Opole Lubelskie may be a good starting point for tourists who wish to sightsee Lublin Voivodeship. The town is located only 15 km from Kazimierz Dolny, a popular Polish resort, and 50 km from Lublin itself.
Because of its rich history, Opole Lubelskie owns many monuments. The most interesting are: Assumption of Mary baroque church from the second half of the 17th century, a palace built by the Slupecki family from the 15th century, which now is the seat of a secondary school, a town hall from 1750 and inns in Old and New Towns from the 18th and the beginning of 19th centuries.
Worthy a visit is also a neo-gothic cemetery chapel, converted from a classicistic chapel, from 1790. It is Poland’s oldest cemetery (1772) located according to the Enlightenment rules i.e. outside the town. Situated in a close proximity to Opole Lubelskie, a palace in Niezdow is also worth seeing. Built by Aleksander Lubomirski in between 1785 and 1787, it belonged to the Kleniewski family until 1920s. The last owners of the palace were nuns.
Opole Lubelskie is the capital of a county and a commune in Lublin Voivodeship and Chodelska Basin. The town is famous for being a food industry centre. We find here dairies, sweet factories and fruit processing works.
According to the recent data, Opole Lubelskie is populated by 8,739 people.
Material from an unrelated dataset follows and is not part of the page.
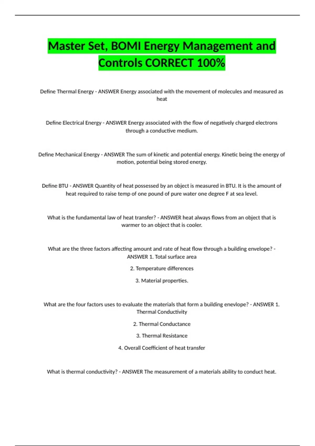 What is thermal conductivity? - ANSWER The measurement of a materials ability to conduct heat.

Opole Lubelskie was at first a community, which later transformed into a town. For many years it was inhabited by people of different religions and nationalities. In the 17th century the town’s owners brought Scottish and German craftsmen to Opole. At the same time, because of the growing number of Jews coming to the town, a synagogue was erected. In the 19th and in the beginning of the 20th century Jews constituted already a half of the town’s population. In March 1941 a ghetto was created in Opole. There were more than ten thousand Jews (from the neighbouring villages and towns and from Austria, France and Slovakia) there. A year later they were deported to extermination camps in Belzec and Sobibor. The ghetto was eventually liquidated on October 24, 1942. Also in 1940s Nazis blew up the synagogue and tenements in western frontage of the Old Town.